- Born: September 24, 1929 Tokyo, Japan
- Died: April 12, 2016 (aged 86)
- Occupations: Narrator; voice actor;
- Years active: 1952–2015

= Tōru Ōhira =

Japanese voice actor (1929–2016)

Tōru Ōhira (大平 透, Ōhira Tōru) was a Japanese narrator and voice actor from the Tokyo Metropolitan Area. He was the founder of Ōhira Production and was also attached to 81 Produce.

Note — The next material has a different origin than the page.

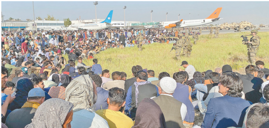
8月16日，美军在阿富汗喀布尔机场警戒。负责在阿富汗喀布尔机场外维持秩序的塔利班武装人员19日宣布，只有持合法证件者才被允许进入机场。18日，因机场门口聚集大量民众，塔利班武装人员多次朝天鸣枪驱散人群。

本月15日，阿富汗塔利班发言人纳伊姆宣布，塔利班武装人员已进入并控制了首都喀布尔。但随着美军撤离、阿富汗总统离开，塔利班迟迟未成立新政府，当前阿富汗正处于事实上的“无政府状态”。阿富汗民众认为在此情况下，安全是唯一重要诉求。阿富汗的局势也牵动着国际社会的神经。

One of his best-known roles was the dub voice of Darth Vader in Star Wars, on the series' home video releases and playing the title character Moguro Fukuzō in the original The Laughing Salesman. He was also known for his many narration roles, most notably in the Super Sentai series.

==Overview==
Ōhira was a very influential figure in the dubbing industry during the Shōwa period.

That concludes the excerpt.